◆ Task details
Retype the lines below exactly, but only those from the line that has "Укомплектована аксесуарами з" through the line that has "Cozy white V-neck". Omit every picture.
━━━ Extracted material ━━━
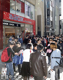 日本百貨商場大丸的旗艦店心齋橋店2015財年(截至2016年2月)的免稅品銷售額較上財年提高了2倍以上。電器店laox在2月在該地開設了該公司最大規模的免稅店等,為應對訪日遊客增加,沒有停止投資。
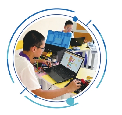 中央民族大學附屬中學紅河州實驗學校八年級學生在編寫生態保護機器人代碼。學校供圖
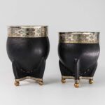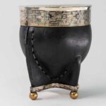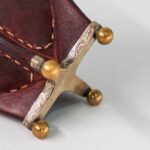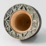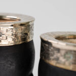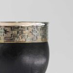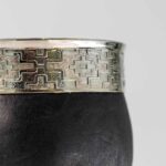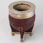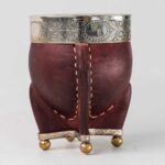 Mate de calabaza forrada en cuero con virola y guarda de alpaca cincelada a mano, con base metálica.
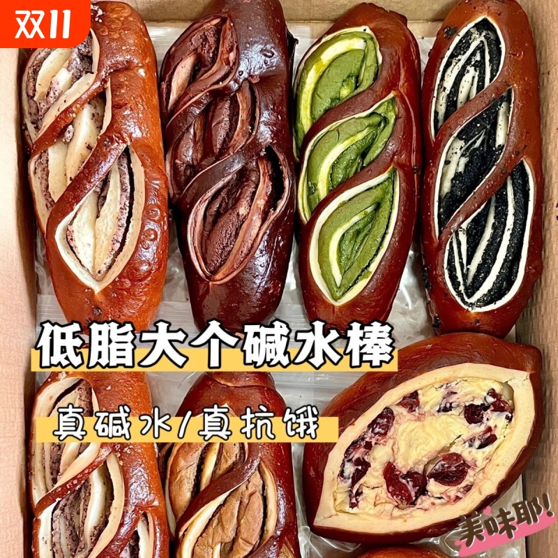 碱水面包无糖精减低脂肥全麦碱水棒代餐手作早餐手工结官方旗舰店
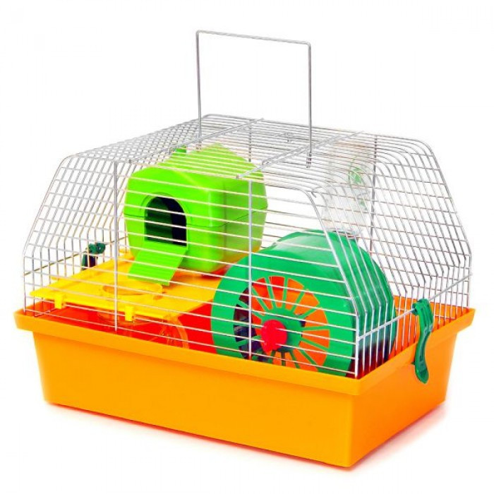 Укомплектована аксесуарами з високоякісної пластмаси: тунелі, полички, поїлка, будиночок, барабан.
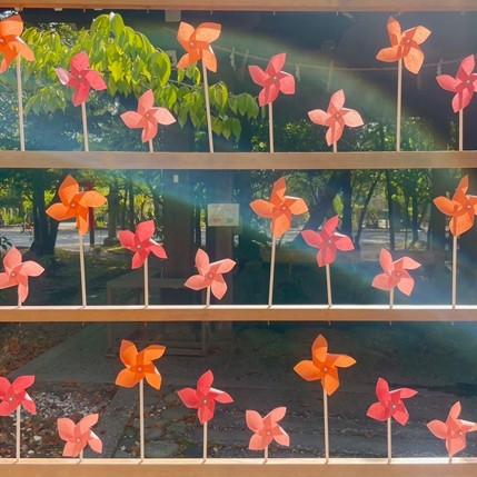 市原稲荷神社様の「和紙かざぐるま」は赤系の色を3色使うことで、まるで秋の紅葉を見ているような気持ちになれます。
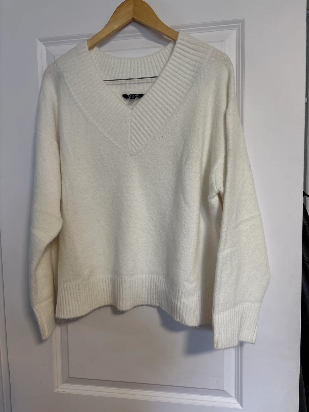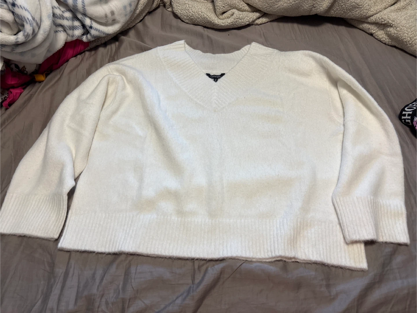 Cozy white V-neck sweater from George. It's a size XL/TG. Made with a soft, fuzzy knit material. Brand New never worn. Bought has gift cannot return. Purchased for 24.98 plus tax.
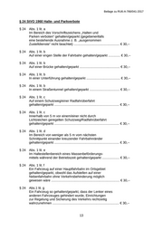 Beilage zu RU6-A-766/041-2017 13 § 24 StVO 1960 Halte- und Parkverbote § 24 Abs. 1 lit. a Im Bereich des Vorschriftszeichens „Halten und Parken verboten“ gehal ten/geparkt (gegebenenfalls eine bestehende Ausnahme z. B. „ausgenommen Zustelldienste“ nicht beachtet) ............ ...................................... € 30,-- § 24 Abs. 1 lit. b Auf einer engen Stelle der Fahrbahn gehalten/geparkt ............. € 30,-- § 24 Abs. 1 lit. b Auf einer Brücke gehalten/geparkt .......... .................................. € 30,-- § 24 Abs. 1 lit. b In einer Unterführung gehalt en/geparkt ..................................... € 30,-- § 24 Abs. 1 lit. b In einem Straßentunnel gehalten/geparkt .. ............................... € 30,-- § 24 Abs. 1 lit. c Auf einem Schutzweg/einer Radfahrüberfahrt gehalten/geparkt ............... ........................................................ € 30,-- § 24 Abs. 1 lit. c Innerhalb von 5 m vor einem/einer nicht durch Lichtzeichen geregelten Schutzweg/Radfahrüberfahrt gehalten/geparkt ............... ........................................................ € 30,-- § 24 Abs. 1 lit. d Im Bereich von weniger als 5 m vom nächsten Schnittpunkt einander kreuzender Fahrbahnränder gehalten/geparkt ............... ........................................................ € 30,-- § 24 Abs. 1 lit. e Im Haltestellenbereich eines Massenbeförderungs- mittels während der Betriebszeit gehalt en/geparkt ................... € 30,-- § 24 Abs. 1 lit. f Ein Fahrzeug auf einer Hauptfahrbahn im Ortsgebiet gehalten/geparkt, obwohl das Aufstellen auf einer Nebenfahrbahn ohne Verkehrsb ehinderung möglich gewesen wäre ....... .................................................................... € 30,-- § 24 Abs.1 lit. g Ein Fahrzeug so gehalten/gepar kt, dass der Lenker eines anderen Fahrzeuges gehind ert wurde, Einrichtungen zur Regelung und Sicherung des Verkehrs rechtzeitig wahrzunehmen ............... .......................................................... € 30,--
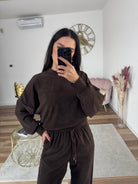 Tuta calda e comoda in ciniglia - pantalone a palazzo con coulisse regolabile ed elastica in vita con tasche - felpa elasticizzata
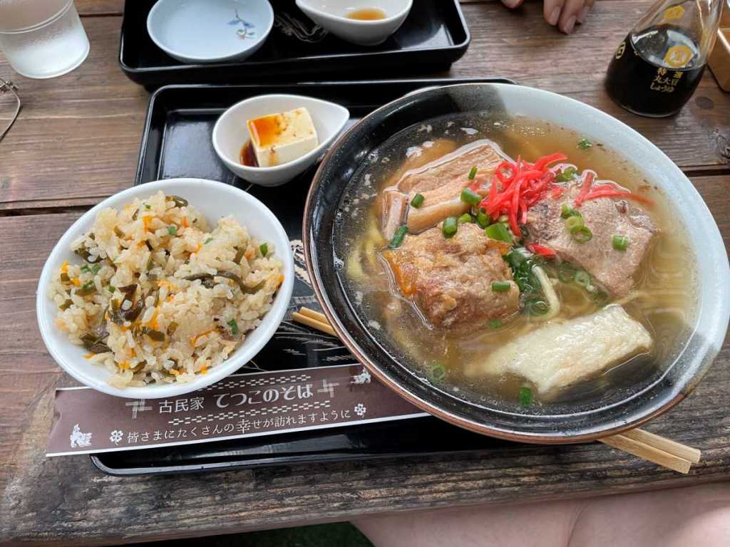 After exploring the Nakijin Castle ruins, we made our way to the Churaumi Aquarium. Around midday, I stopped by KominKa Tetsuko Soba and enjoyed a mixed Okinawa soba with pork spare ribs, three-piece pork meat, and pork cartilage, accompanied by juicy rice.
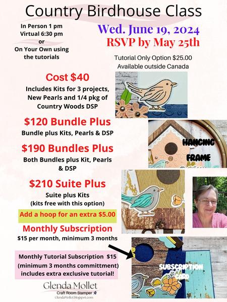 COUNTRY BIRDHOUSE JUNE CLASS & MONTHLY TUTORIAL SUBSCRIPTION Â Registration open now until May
━━━
━━━ Extracted material ━━━
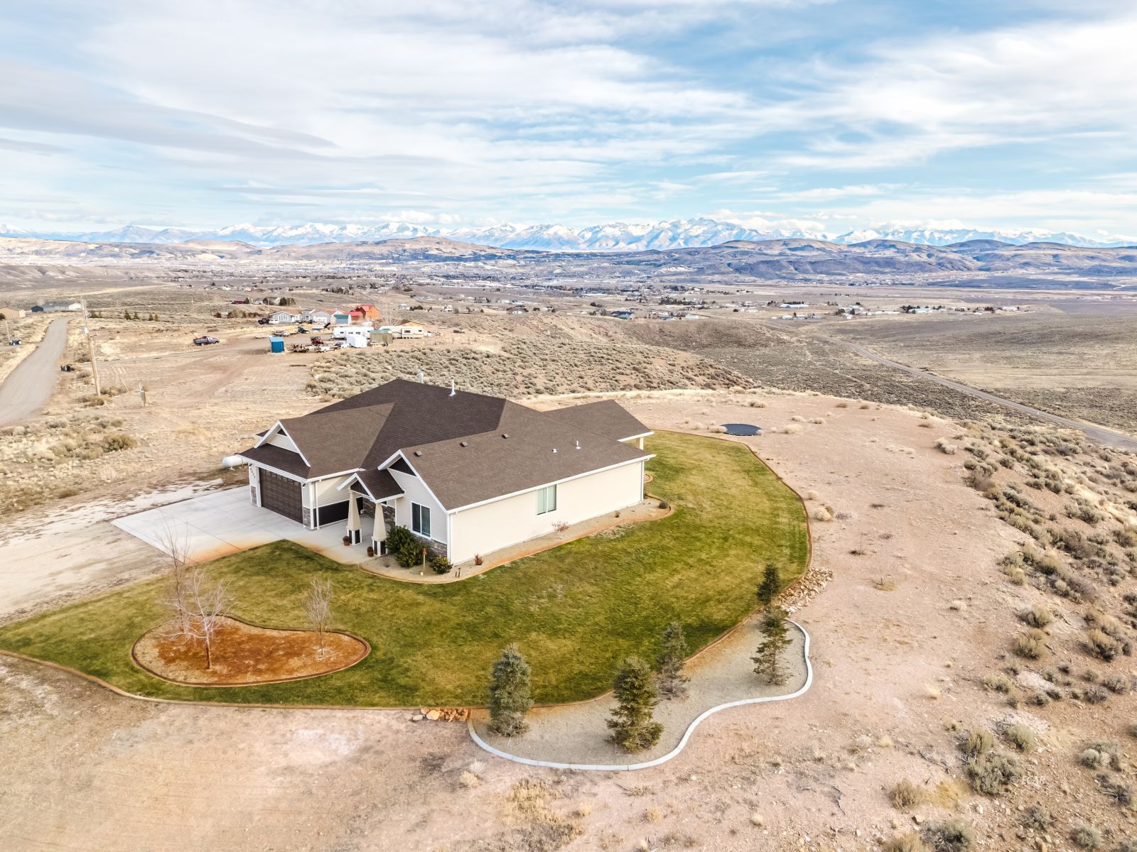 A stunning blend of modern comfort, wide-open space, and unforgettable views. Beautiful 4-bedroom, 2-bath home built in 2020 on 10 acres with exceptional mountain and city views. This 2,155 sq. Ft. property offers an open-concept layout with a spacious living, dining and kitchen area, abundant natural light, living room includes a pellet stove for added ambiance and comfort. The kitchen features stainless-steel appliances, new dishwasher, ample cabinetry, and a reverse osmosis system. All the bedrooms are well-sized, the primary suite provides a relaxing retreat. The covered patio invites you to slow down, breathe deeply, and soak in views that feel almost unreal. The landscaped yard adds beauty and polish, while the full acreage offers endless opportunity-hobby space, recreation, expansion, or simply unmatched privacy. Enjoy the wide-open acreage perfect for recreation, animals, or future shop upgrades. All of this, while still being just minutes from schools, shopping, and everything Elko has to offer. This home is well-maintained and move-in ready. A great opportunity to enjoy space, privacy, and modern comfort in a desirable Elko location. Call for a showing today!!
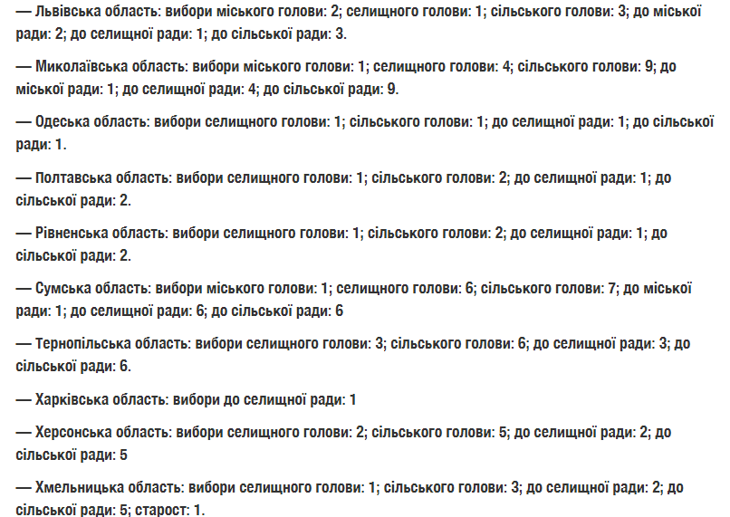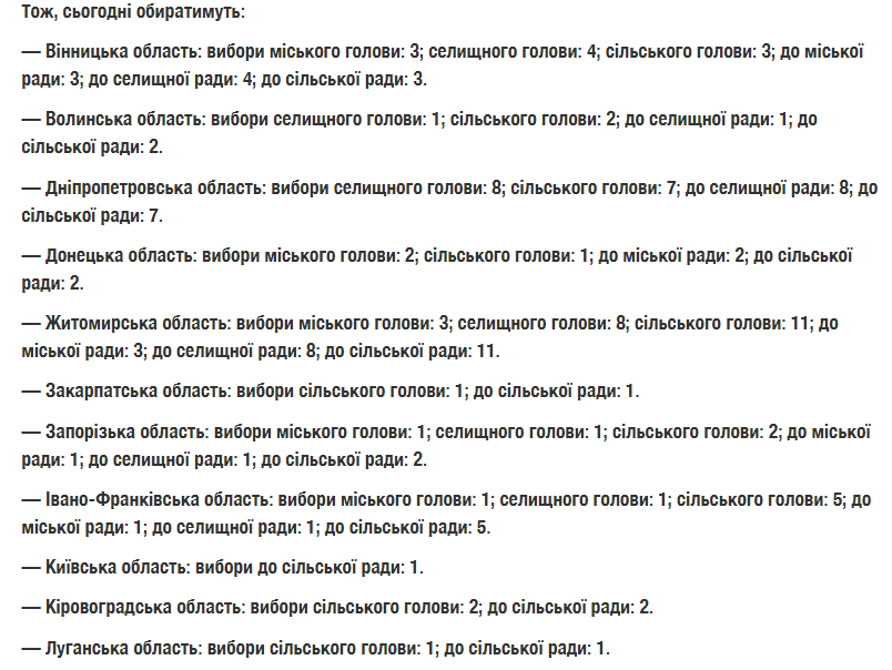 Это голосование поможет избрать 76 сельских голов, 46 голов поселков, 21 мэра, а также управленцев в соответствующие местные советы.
━━━
━━━ Extracted material ━━━
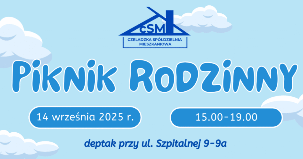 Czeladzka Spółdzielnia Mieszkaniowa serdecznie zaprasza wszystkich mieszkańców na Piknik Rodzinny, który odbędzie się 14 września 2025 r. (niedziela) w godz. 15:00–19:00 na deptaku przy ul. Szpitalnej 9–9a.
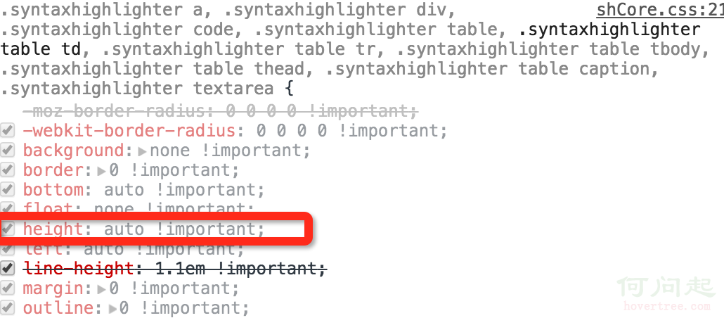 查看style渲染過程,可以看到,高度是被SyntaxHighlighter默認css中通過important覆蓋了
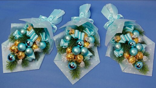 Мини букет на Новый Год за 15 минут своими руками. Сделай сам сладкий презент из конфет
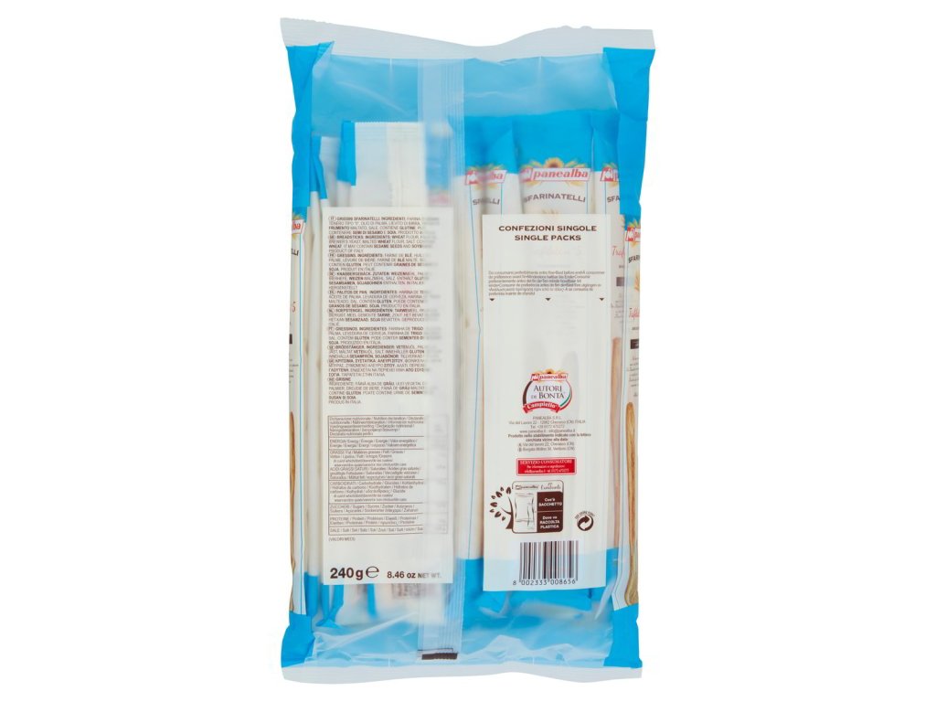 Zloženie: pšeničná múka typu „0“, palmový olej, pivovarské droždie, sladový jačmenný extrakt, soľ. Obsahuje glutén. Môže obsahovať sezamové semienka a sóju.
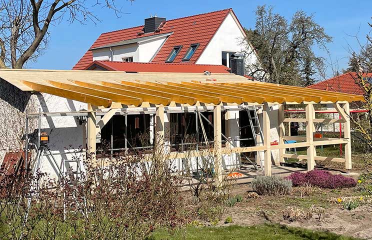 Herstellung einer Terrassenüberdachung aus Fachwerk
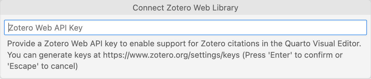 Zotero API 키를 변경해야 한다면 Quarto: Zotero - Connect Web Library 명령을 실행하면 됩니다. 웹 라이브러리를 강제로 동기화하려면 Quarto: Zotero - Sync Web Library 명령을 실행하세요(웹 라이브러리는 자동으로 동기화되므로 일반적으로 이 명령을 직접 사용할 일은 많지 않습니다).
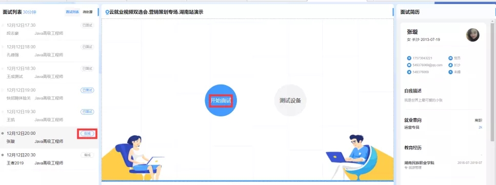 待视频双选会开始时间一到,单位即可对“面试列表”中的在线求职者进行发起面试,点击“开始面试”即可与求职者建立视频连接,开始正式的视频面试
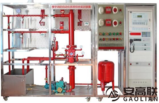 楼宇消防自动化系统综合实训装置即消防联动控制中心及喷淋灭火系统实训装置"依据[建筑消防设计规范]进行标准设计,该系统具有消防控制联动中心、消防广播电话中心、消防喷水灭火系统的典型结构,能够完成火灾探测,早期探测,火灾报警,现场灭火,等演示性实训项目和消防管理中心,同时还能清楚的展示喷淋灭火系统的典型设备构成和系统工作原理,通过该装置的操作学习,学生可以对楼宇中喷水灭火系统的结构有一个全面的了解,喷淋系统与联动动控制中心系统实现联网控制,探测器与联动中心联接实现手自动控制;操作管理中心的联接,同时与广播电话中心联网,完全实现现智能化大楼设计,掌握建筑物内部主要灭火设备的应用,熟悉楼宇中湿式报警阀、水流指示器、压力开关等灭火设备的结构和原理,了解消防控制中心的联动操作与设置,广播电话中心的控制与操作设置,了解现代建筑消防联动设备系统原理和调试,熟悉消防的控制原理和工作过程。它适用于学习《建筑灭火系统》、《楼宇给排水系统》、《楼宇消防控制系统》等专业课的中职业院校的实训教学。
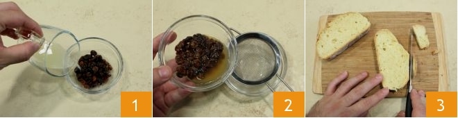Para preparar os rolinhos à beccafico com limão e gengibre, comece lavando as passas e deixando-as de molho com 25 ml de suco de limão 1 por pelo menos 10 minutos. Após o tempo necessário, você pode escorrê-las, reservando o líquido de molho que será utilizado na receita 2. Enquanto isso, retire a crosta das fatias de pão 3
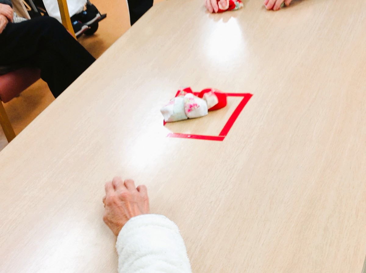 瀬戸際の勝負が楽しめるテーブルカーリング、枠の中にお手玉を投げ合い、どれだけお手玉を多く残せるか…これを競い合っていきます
━━━
◆ Output
 Укомплектована аксесуарами з високоякісної пластмаси: тунелі, полички, поїлка, будиночок, барабан.
 市原稲荷神社様の「和紙かざぐるま」は赤系の色を3色使うことで、まるで秋の紅葉を見ているような気持ちになれます。
 Cozy white V-neck sweater from George. It's a size XL/TG. Made with a soft, fuzzy knit material. Brand New never worn. Bought has gift cannot return. Purchased for 24.98 plus tax.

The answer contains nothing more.